Scan the entries below and extract each line with the word "their" in it.

*** The data Section Begins ***

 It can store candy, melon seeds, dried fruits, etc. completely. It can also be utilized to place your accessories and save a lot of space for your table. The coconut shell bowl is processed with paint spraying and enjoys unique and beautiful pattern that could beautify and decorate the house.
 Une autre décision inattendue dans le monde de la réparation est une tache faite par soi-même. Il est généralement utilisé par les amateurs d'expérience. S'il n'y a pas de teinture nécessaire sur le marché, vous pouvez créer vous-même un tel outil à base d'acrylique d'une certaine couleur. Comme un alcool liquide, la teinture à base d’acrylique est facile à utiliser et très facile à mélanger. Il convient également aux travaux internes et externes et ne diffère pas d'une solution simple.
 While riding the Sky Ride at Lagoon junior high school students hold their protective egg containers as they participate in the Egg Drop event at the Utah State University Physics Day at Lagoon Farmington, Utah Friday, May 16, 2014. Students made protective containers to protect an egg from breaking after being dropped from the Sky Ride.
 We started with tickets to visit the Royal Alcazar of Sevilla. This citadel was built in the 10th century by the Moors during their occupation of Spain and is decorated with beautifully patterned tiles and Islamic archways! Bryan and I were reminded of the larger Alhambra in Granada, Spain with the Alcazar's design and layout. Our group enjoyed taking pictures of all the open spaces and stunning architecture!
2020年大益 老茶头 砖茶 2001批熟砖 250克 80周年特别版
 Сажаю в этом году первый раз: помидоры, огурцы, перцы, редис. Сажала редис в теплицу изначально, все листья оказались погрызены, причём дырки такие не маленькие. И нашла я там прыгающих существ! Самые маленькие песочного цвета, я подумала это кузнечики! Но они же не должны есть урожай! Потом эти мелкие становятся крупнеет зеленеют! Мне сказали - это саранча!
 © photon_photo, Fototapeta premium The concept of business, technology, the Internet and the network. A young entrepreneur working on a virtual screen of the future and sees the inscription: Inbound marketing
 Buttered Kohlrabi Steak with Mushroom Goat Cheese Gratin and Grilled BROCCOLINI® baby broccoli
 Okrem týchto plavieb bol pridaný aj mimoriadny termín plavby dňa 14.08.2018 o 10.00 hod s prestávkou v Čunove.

*** The data Section Ends ***

_Result_.
 While riding the Sky Ride at Lagoon junior high school students hold their protective egg containers as they participate in the Egg Drop event at the Utah State University Physics Day at Lagoon Farmington, Utah Friday, May 16, 2014. Students made protective containers to protect an egg from breaking after being dropped from the Sky Ride.
 We started with tickets to visit the Royal Alcazar of Sevilla. This citadel was built in the 10th century by the Moors during their occupation of Spain and is decorated with beautifully patterned tiles and Islamic archways! Bryan and I were reminded of the larger Alhambra in Granada, Spain with the Alcazar's design and layout. Our group enjoyed taking pictures of all the open spaces and stunning architecture!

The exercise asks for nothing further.